Shirley Chaplin, an NHS nurse who was moved to a desk job for wearing a crucifix at work, has lost her employment discrimination claim against the NHS.

The Employment Tribunal judgment is not available at present, but The Times reports:

John Hollow, the tribunal chairman, ruled that the Royal Devon and Exeter Hospital had acted reasonably in trying to reach a compromise. It had argued that the objection to the crucifix, which Mrs Chaplin, from Kenn, near Exeter, had worn for 30 years, was based on health and safety concerns about patients grabbing the necklace, not religion.

According to the Christian Legal Centre (CLC), which strongly supports Ms. Chaplin’s case, the Tribunal held that Mrs Chaplin had not been indirectly discriminated against by the application of the uniform policy because she could not prove she was part of a group affected by the policy.

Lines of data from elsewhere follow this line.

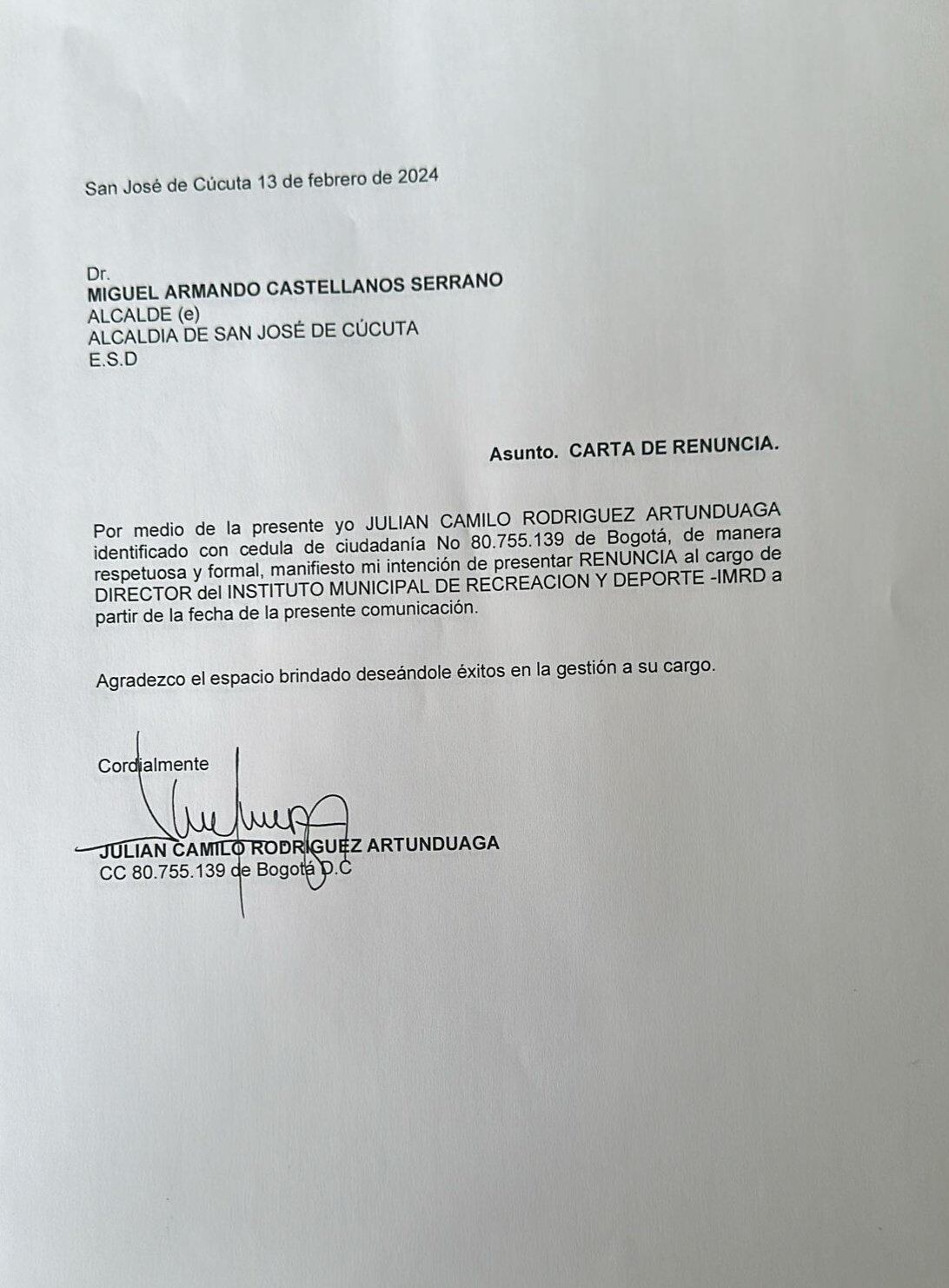 Julián Camilo Rodríguez Artunduaga presentó este martes su renuncia como director del Instituto Municipal de Recreación y Deportes de la ciudad de Cúcuta. El director no expresó en su carta dirigida al alcalde encargado Miguel Armando Castellanos, la razón que lo motivo a tomar esta decisión.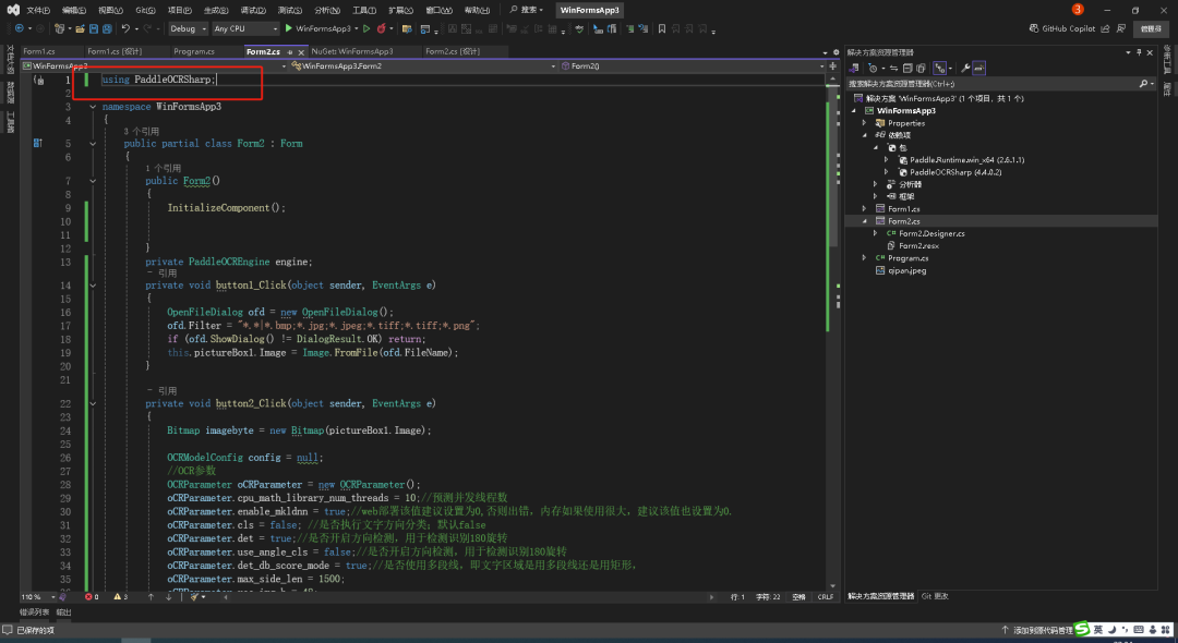 ?private PaddleOCREngine engine;private void button1_Click(object sender, EventArgs e){ OpenFileDialog ofd = new OpenFileDialog(); ofd.Filter = "*.*|*.bmp;*.jpg;*.jpeg;*.tiff;*.tiff;*.png"; if (ofd.ShowDialog() != DialogResult.OK) return; this.pictureBox1.Image = Image.FromFile(ofd.FileName);}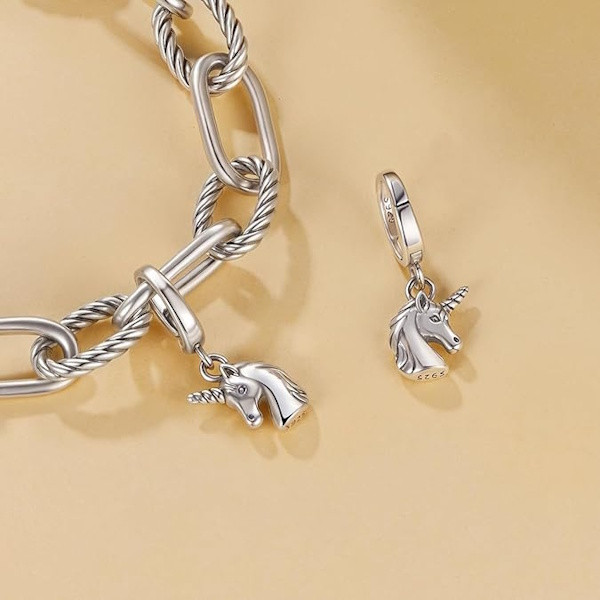 Az unikornisok varázslatos világát idéző ezüst charm tökéletes kiegészítője lehet bármely ékszerkollekciónak. Különleges, oxidált 925 sterling ezüst anyagból készült, amely időtálló ragyogást biztosít. Finom részletei és elegáns kialakítása révén csodásan mutat karkötőn vagy nyakláncon. Mérete ideális, 2.2 × 0.9 cm, így diszkréten emeli ki viselője stílusát anélkül, hogy túlzottan feltűnő lenne.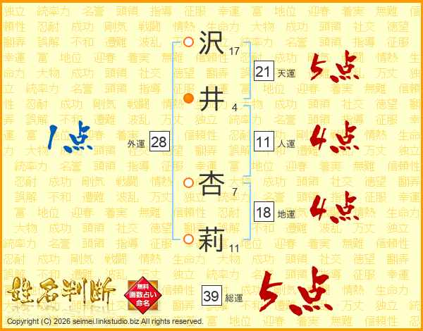 沢井杏莉さんの総運は39画の5点!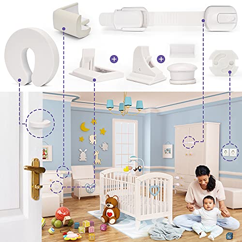 Contenuto della confezione: il set di sicurezza per bambini include 10 protezioni per prese di corrente, 8 protezioni per i bordi del tavolo, 4 serrature magnetiche per armadi, 4 cinghie per cassetti, 4 fermaporta, 1 strumento di aiuto per serratura magnetica, 1 strumento di bloccaggio magnetico per bloccare gli utensili
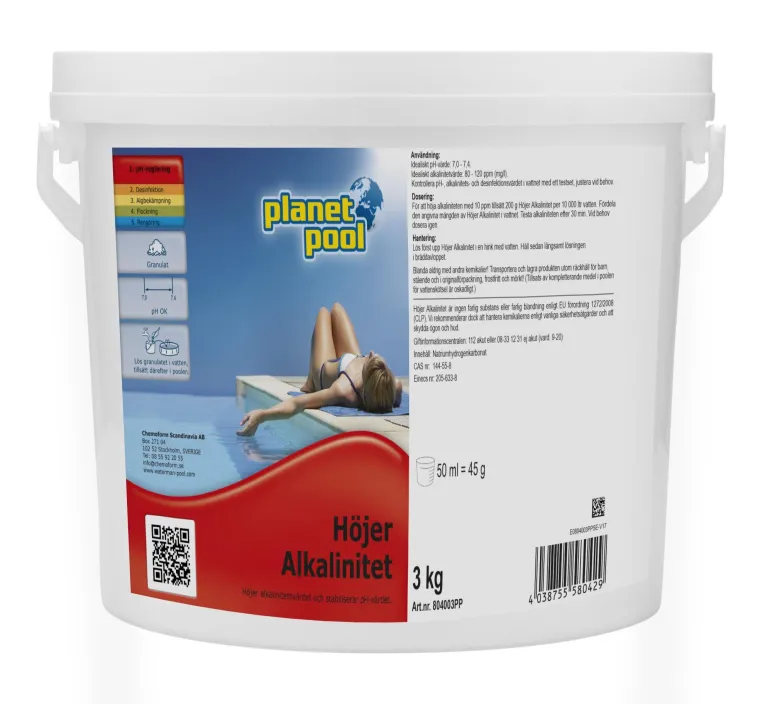 Planet Pool Alkalipitoisuuden Nostaja on rakeita, joilla nostetaan altaan veden emäksisyyttä. Oikea emäksisyysarvo on tärkeä, jotta veden pH-arvo pysyy vakaana. Ihanteellinen emäksisyysarvo on 80–120 mg/l (ppm). Toimitetaan kätevässä 3 kg:n sangossa, jossa on kantokahva.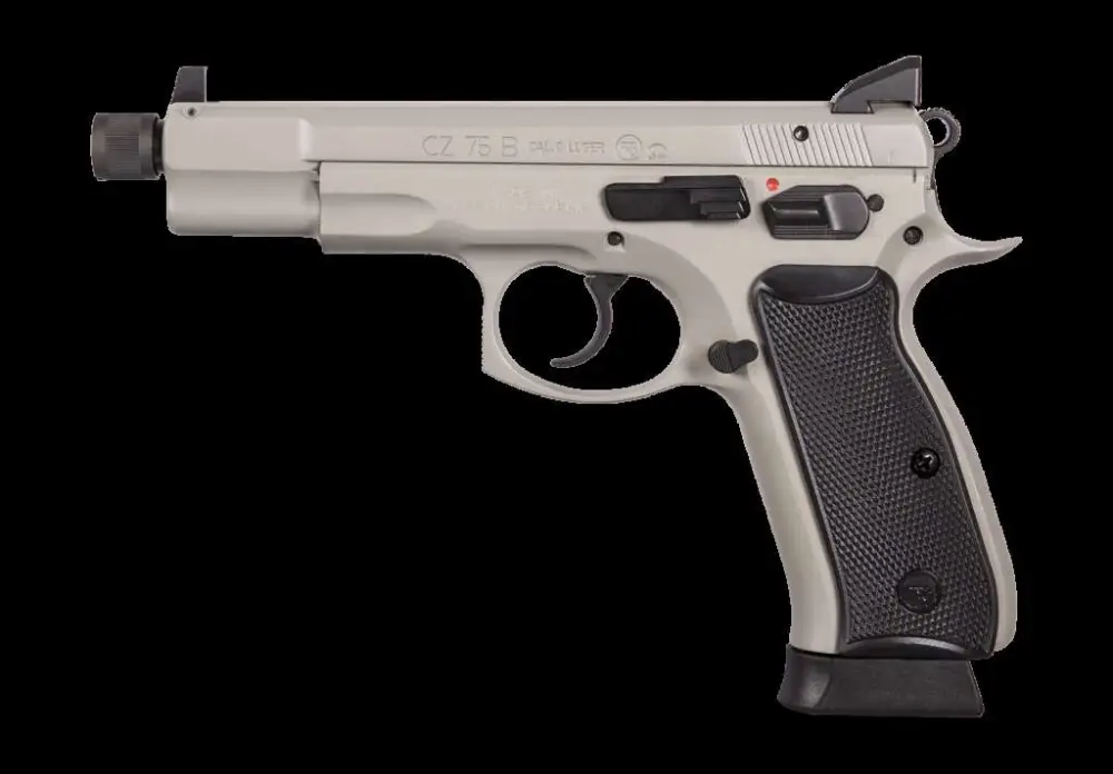 This Urban Grey Suppressor-Ready pistol is clad in urban gray (a mix of gray and FDE). It features a threaded barrel, high suppressor sights with tritium lamps, and extended capacity magazines. CZ Urban Gray pistols are a direct response to customer requests for more suppressor-ready options. A further evolution of the 75 B Omega, the convertible version allows users to swap from decocker to safety operation in the same manner as P-07/P-09 pistols. Using the same simplified, more robust variation of the 75's trigger system as the previous Omega, trigger parts use an interlocking design that allows for easy disassembly and reassembly without the need for tools. Not only does this simplify maintenance, the trigger parts themselves are made of different materials to enhance durability, operation life, and reliability.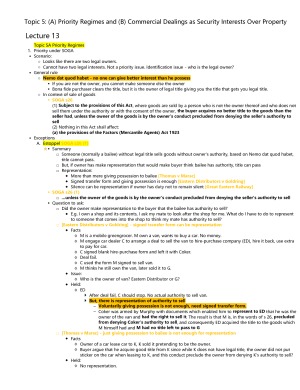 These IPCL notes combines material from lectures and readings. The structure and logic is very clear for each topic thus easy to follow. A detailed account of principles is contained in these notes, as well as key cases and statutes. Case summaries include facts, decision and principles. The key takeaways are all highlighted and colour-coded for clarity purpose. For some important cases, I have also included a one-sentence summary which is very useful in exams. The sample note is a part on the topic of Topic 5(A) Priority Regimes. It demonstrates the overall quality of the notes. Topics: Topic 1 - (A) The Concept and Function of “Property” and (B) Real Property - Introduction to Real Property Topic 2: Personal Property - Introduction to Choses in Possession Topic 3: Personal Property - Introduction to Choses in Action Topic 4: Assignment and Disposition of Interests Topic 5: (A) Priority Regimes and (B) Commercial Dealings as Security Interests Over Property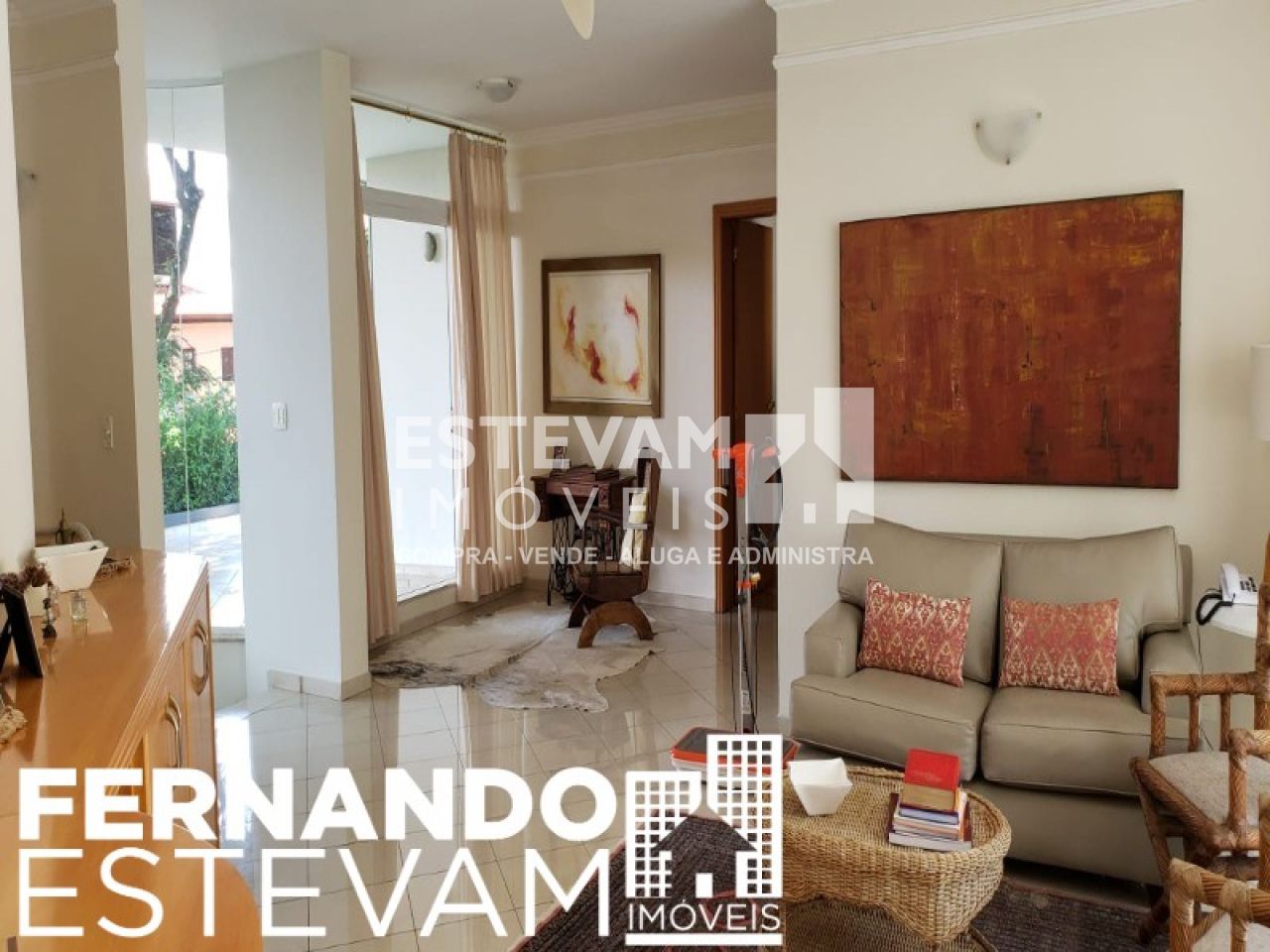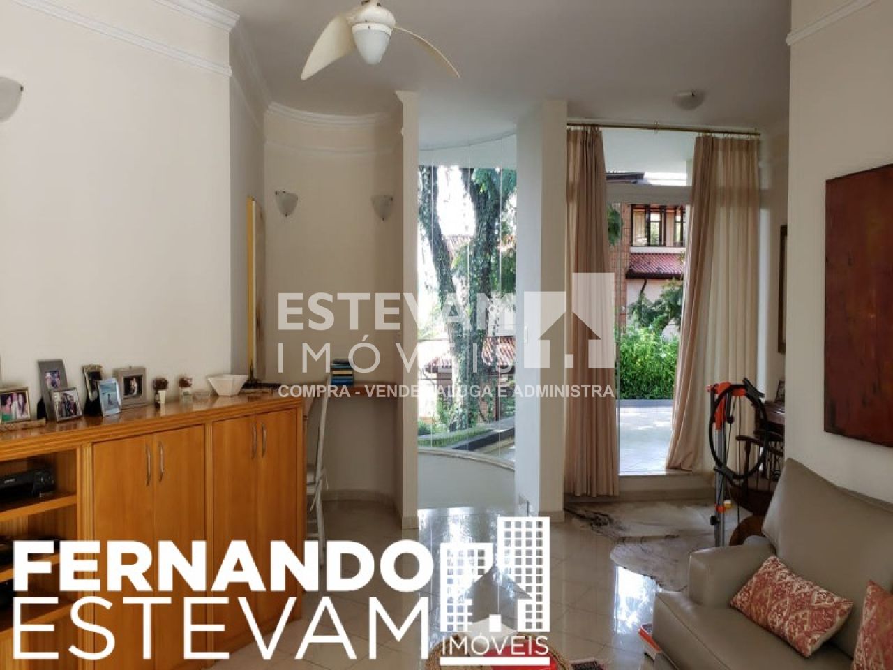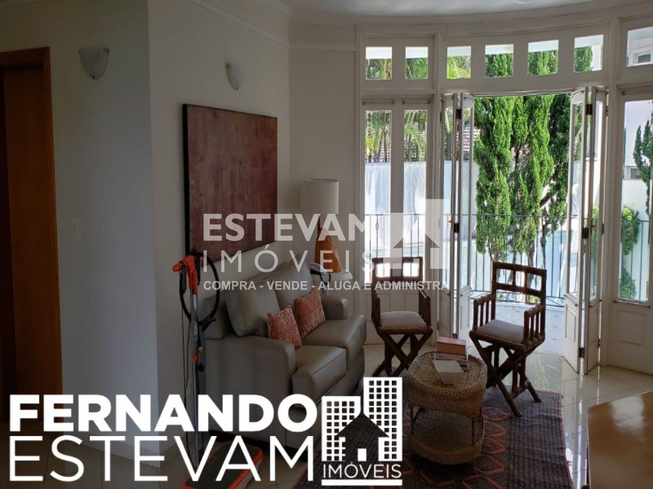 * Sala de TV com vista para o jardim;

The Tribunal applied the reasoning in the previous case of Nadia Eweida v British Airways [2009] EWCA Civ 1025. Ms Ewieda’s claim also involved her being banned from wearing a Christian cross at work, in that case at British Airways. The Court of Appeal made clear that in an indirect discrimination cases brought under Reg. 3(1) of the Employment Equality (Religion or Belief) Regulations 2003, it was necessary to show that there had to be evidence of a “group disadvantage”, i.e. that more than one person had been affected by the policy. Ms Eweida could not establish a ‘group’ and as such her case failed.

The CLC claim that “the Tribunal has now decided that a group must be more than two people as well—leaving the law in a ludicrous level of uncertainty”. Ms Chaplin has already said she plans to appeal the decision.